Default exchange behavior in RabbitMQ - Time & Space Complexity

We want to understand how the time it takes to route messages changes as more queues are involved.

How does RabbitMQ handle message delivery using the default exchange when queues increase?

Analyze the time complexity of the following RabbitMQ default exchange routing code.

channel.basicPublish("", "queue_name", null, messageBody);

// The default exchange is an empty string ""
// Messages are routed to the queue with the name matching the routing key
// No explicit binding needed

This code sends a message directly to a queue named "queue_name" using the default exchange.

In this scenario, the main operation is routing the message to the correct queue.

• Primary operation: Matching the routing key to the queue name.
• How many times: Exactly once per message sent, since the default exchange routes directly.

Since the default exchange routes messages directly by queue name, the routing time does not increase with more queues.

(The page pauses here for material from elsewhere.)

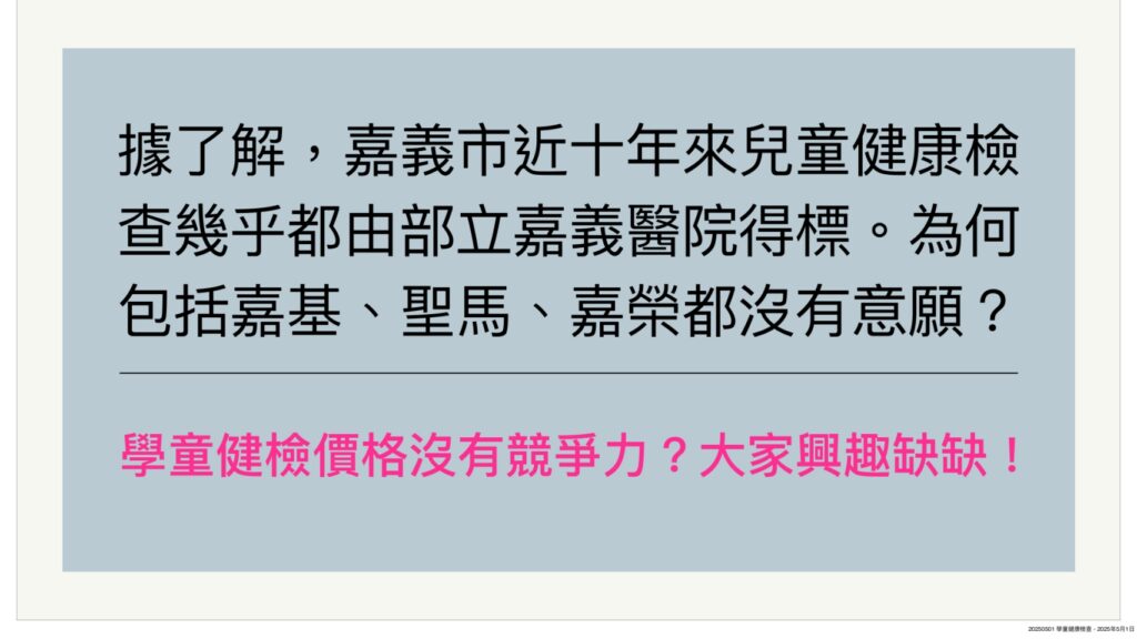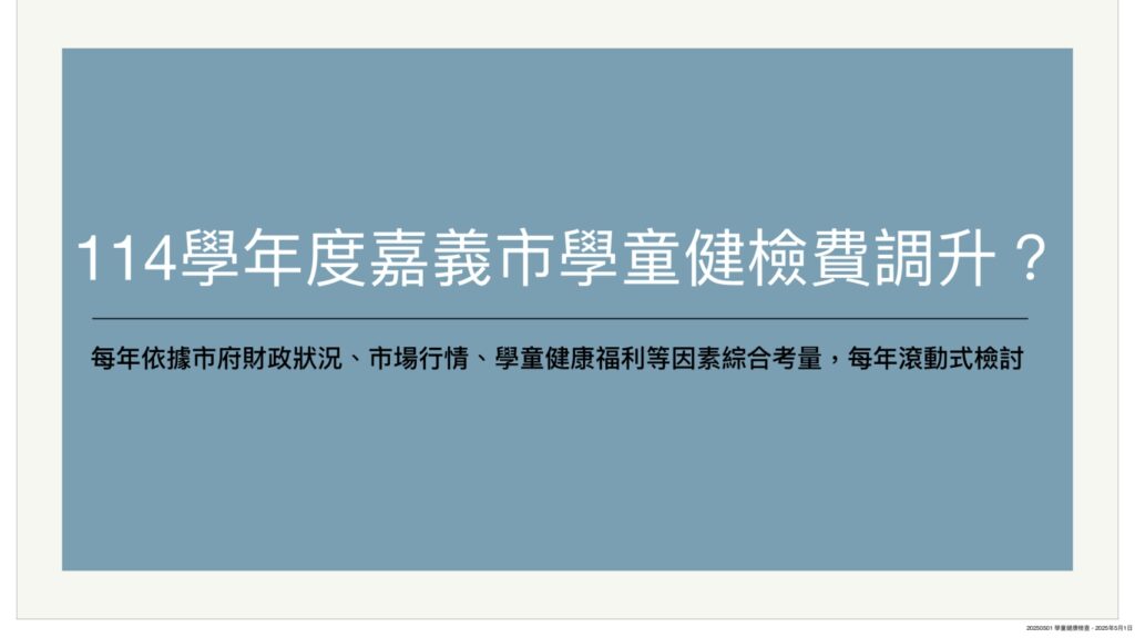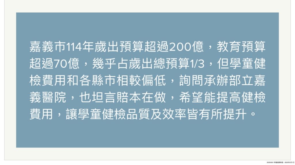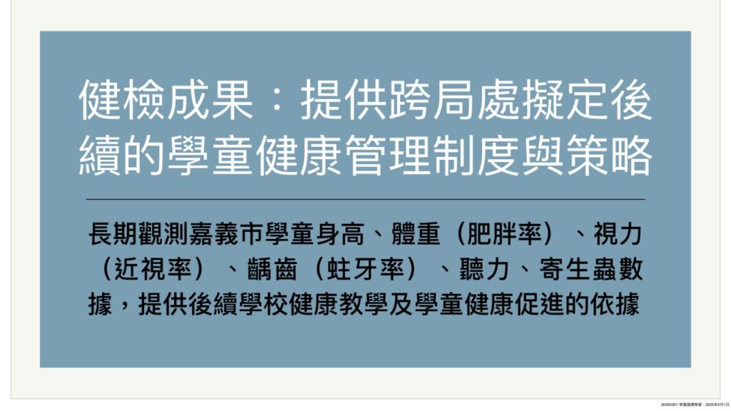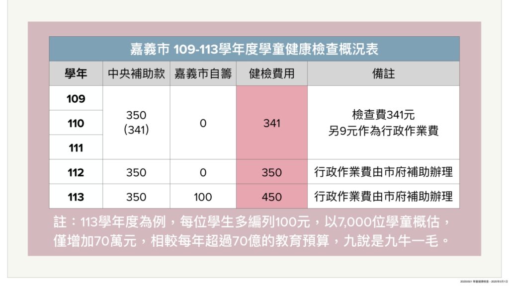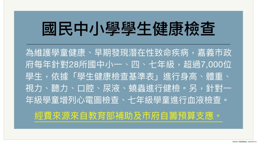 為維護學童健康、早期發現潛在性致命疾病,中央補助經費,地方視財政狀況加碼,共同推動學童健康計劃保健。民國109-111年,中央補助每人350元,112年除中央補助350元外,嘉市另編列行政作業費補助,113年中央補助350元,嘉市首度加碼補助每人多100元健檢費及行政作業費。

Input Size (number of queues)	Approx. Operations
10	1 routing operation
100	1 routing operation
1000	1 routing operation

Pattern observation: Routing time stays the same no matter how many queues exist.

Time Complexity: O(1)

This means routing a message using the default exchange takes the same time regardless of how many queues there are.

[X] Wrong: "Routing time grows as more queues are added because the exchange checks all queues."

[OK] Correct: The default exchange uses the routing key as the queue name directly, so it does not check multiple queues. It routes instantly to the matching queue.

Understanding how the default exchange routes messages quickly helps you explain efficient message delivery in RabbitMQ during discussions.

What if we changed from the default exchange to a custom direct exchange with multiple bindings? How would the time complexity change?